Beginning with the line that holds "دعاء عن روح", copy each line through the end of the material below, exactly and with no pictures.
=== PROVIDED MATERIAL ===
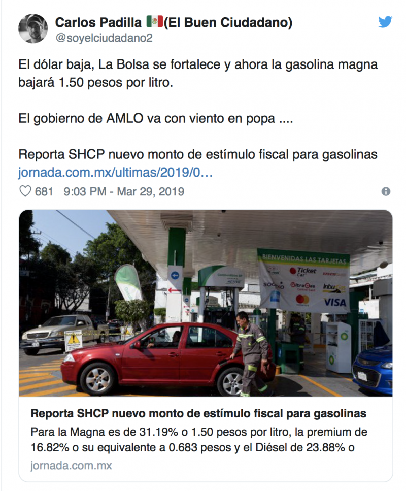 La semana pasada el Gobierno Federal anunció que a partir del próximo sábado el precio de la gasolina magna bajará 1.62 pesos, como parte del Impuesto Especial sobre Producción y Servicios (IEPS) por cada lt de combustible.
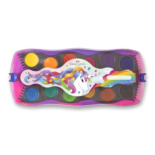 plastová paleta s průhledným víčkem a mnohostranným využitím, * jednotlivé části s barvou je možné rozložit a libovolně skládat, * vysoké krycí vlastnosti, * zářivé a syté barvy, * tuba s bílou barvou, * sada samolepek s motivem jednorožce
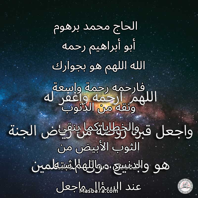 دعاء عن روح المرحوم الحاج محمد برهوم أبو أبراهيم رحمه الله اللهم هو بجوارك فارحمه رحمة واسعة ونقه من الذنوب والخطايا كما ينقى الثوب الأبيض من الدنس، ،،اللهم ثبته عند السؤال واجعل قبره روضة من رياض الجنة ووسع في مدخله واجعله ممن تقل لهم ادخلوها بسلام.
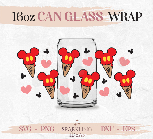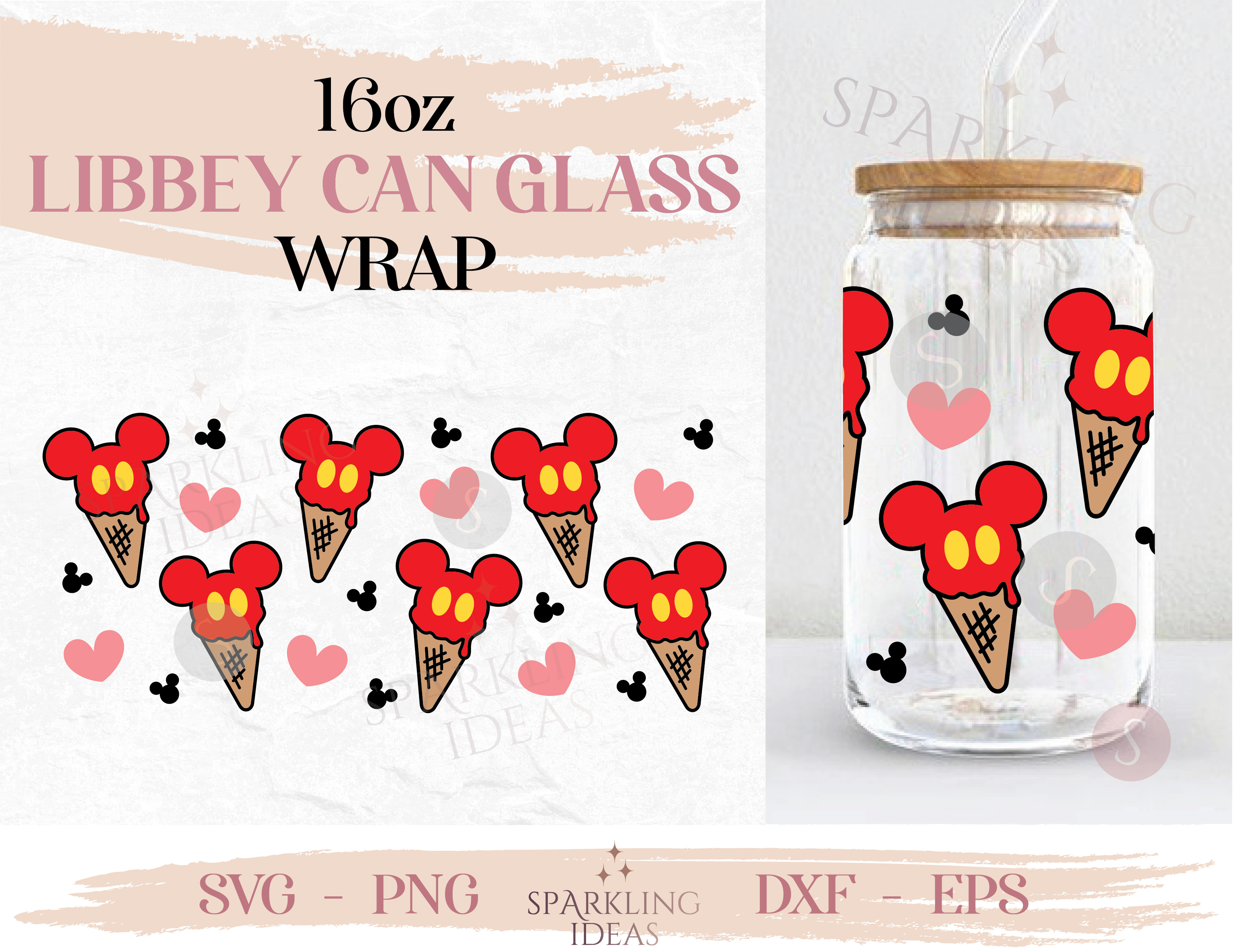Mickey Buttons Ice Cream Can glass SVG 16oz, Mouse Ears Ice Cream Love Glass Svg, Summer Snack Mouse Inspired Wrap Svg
===
* EXERCISE SOLUTION
 دعاء عن روح المرحوم الحاج محمد برهوم أبو أبراهيم رحمه الله اللهم هو بجوارك فارحمه رحمة واسعة ونقه من الذنوب والخطايا كما ينقى الثوب الأبيض من الدنس، ،،اللهم ثبته عند السؤال واجعل قبره روضة من رياض الجنة ووسع في مدخله واجعله ممن تقل لهم ادخلوها بسلام.
Mickey Buttons Ice Cream Can glass SVG 16oz, Mouse Ears Ice Cream Love Glass Svg, Summer Snack Mouse Inspired Wrap Svg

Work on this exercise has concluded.